## Stored data
Start of Block
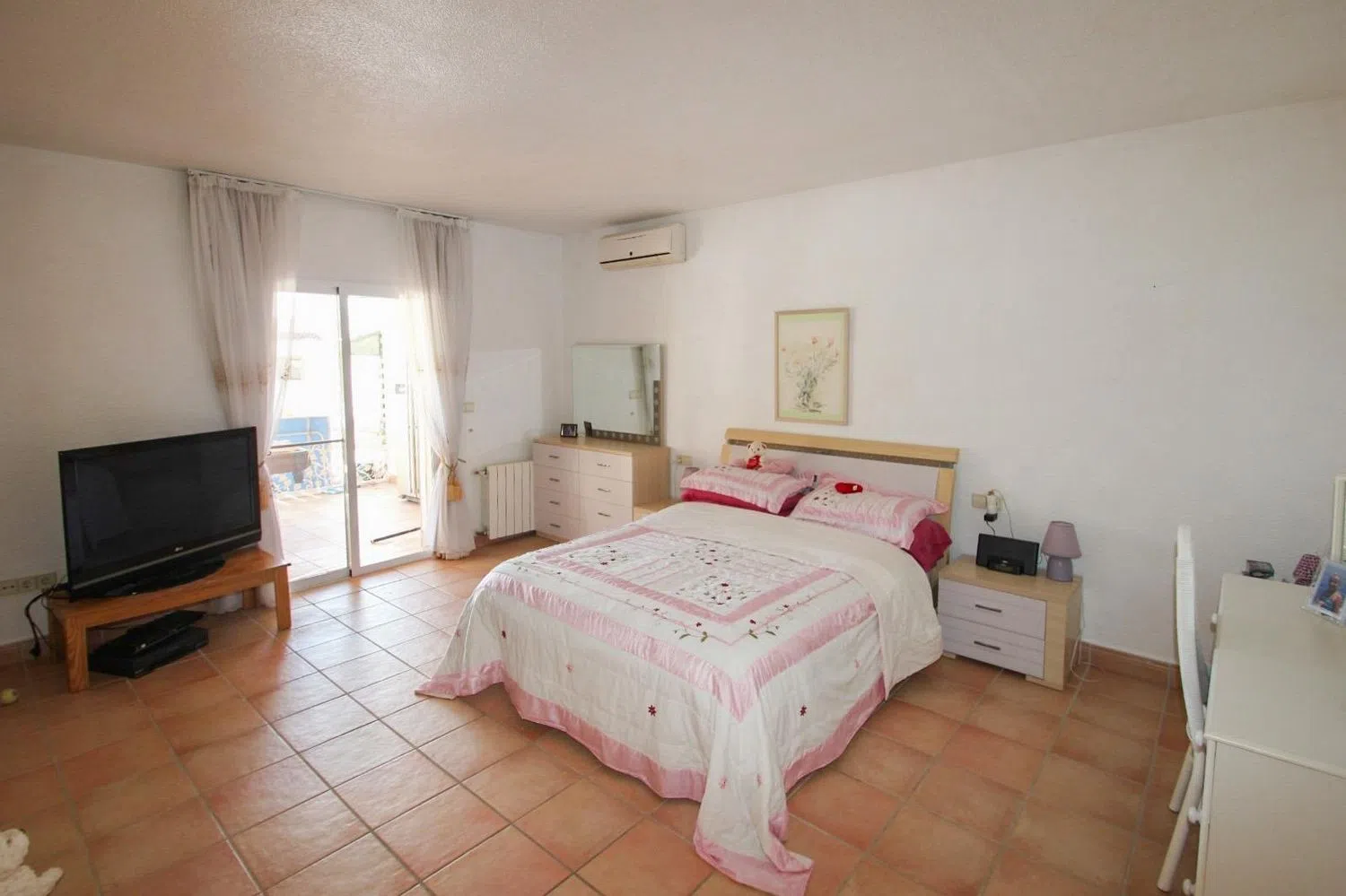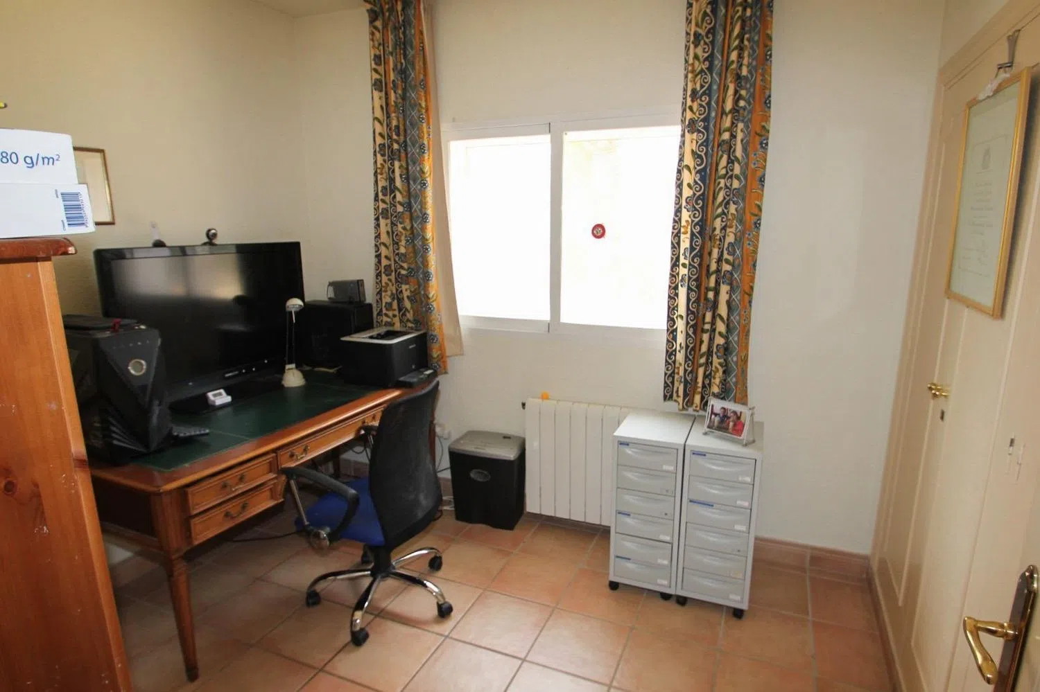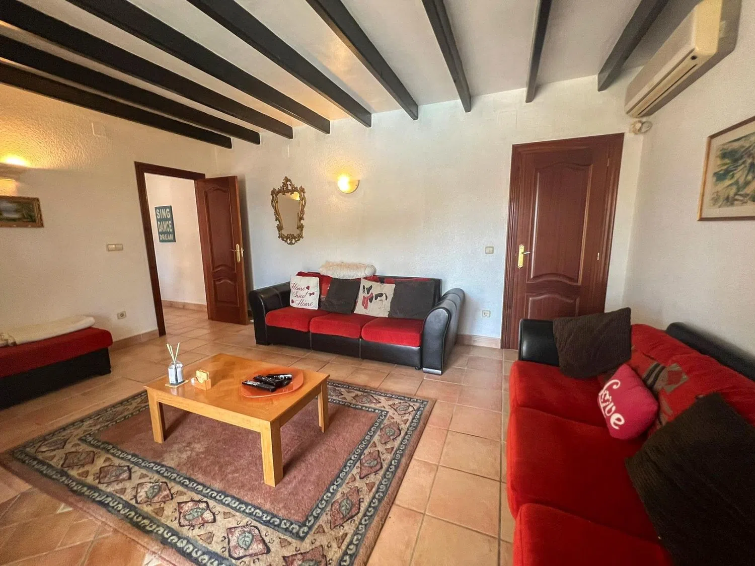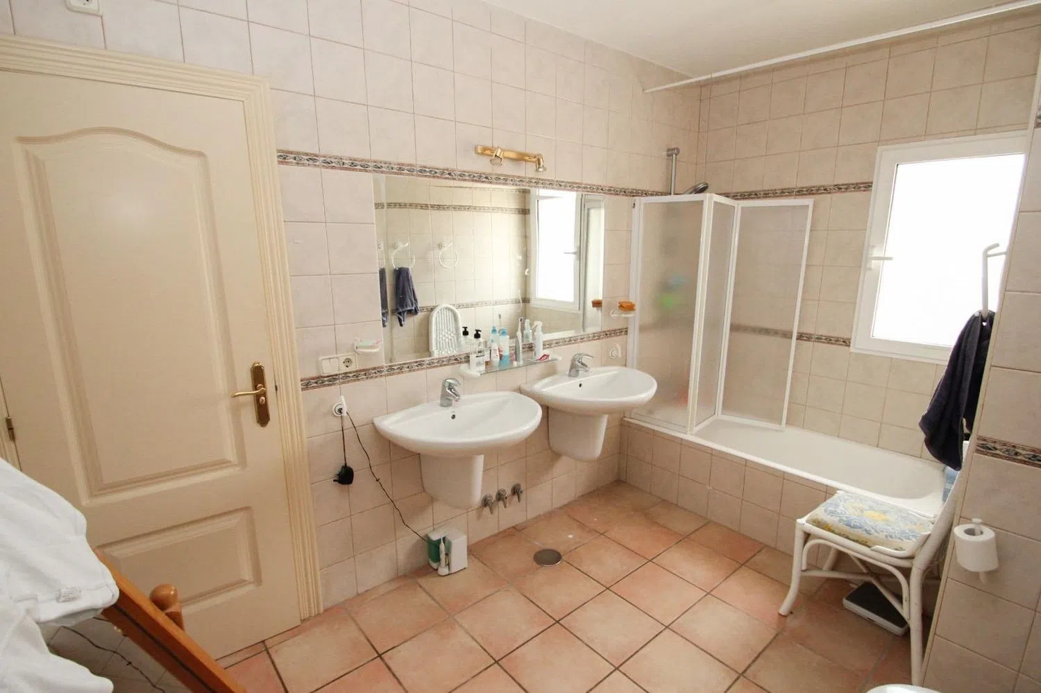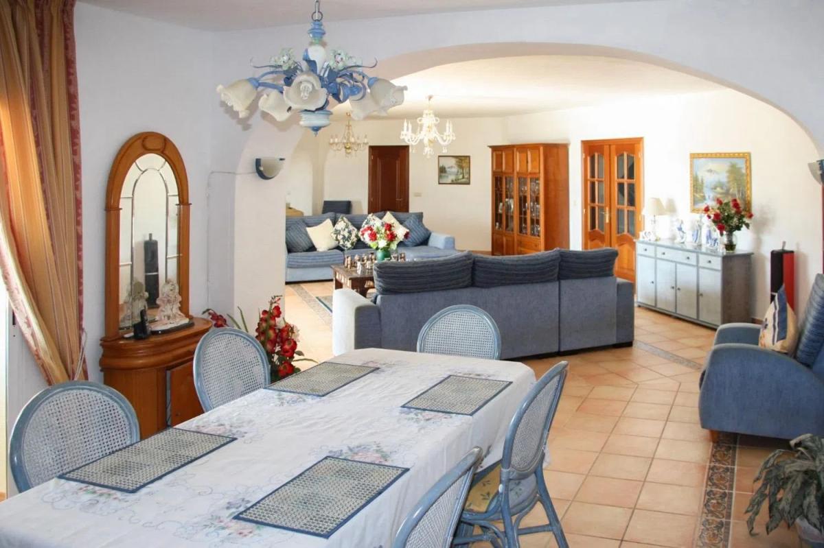 The villa comprises 6 generously sized bedrooms and 3 full bathrooms, offering ample space for a large family or for hosting guests. Additionally, it includes a storage room and a closed garage for added convenience. The property is equipped with central heating via radiators and air conditioning, ensuring optimal comfort in every season.
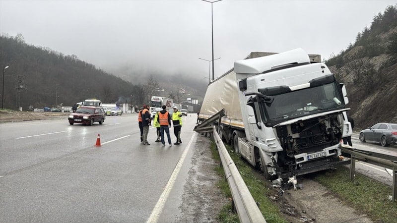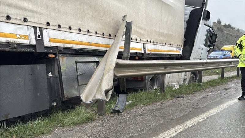 Sürücüsünün restoranda yemek yediği sırada freni boşalan tır, otoparktan çıkarak kara yoluna girdi ve yaklaşık 500 metre ilerledi. Kontrolden çıkan araç, yol kenarındaki demir korkulukları devirerek refüje çıktı ve burada durabildi.
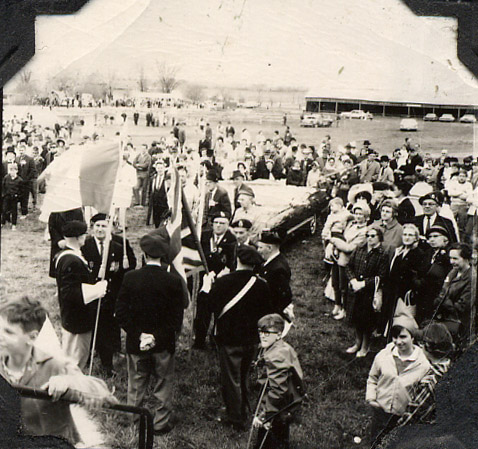 Image taken during Canada's Centennial celebration at Cookstown, in 1967. The image shows the grounds of the celebration, and crowds/audience forming. The car which the honorary guests arrived at the event in can be seen in the photograph. This image was taken from page 10 of the Cooktown Tweedsmuir History.
End of Block
## Requirement
An exact copy of every line above is needed, without the images.

## Response for this exercise
 The villa comprises 6 generously sized bedrooms and 3 full bathrooms, offering ample space for a large family or for hosting guests. Additionally, it includes a storage room and a closed garage for added convenience. The property is equipped with central heating via radiators and air conditioning, ensuring optimal comfort in every season.
 Sürücüsünün restoranda yemek yediği sırada freni boşalan tır, otoparktan çıkarak kara yoluna girdi ve yaklaşık 500 metre ilerledi. Kontrolden çıkan araç, yol kenarındaki demir korkulukları devirerek refüje çıktı ve burada durabildi.
 Image taken during Canada's Centennial celebration at Cookstown, in 1967. The image shows the grounds of the celebration, and crowds/audience forming. The car which the honorary guests arrived at the event in can be seen in the photograph. This image was taken from page 10 of the Cooktown Tweedsmuir History.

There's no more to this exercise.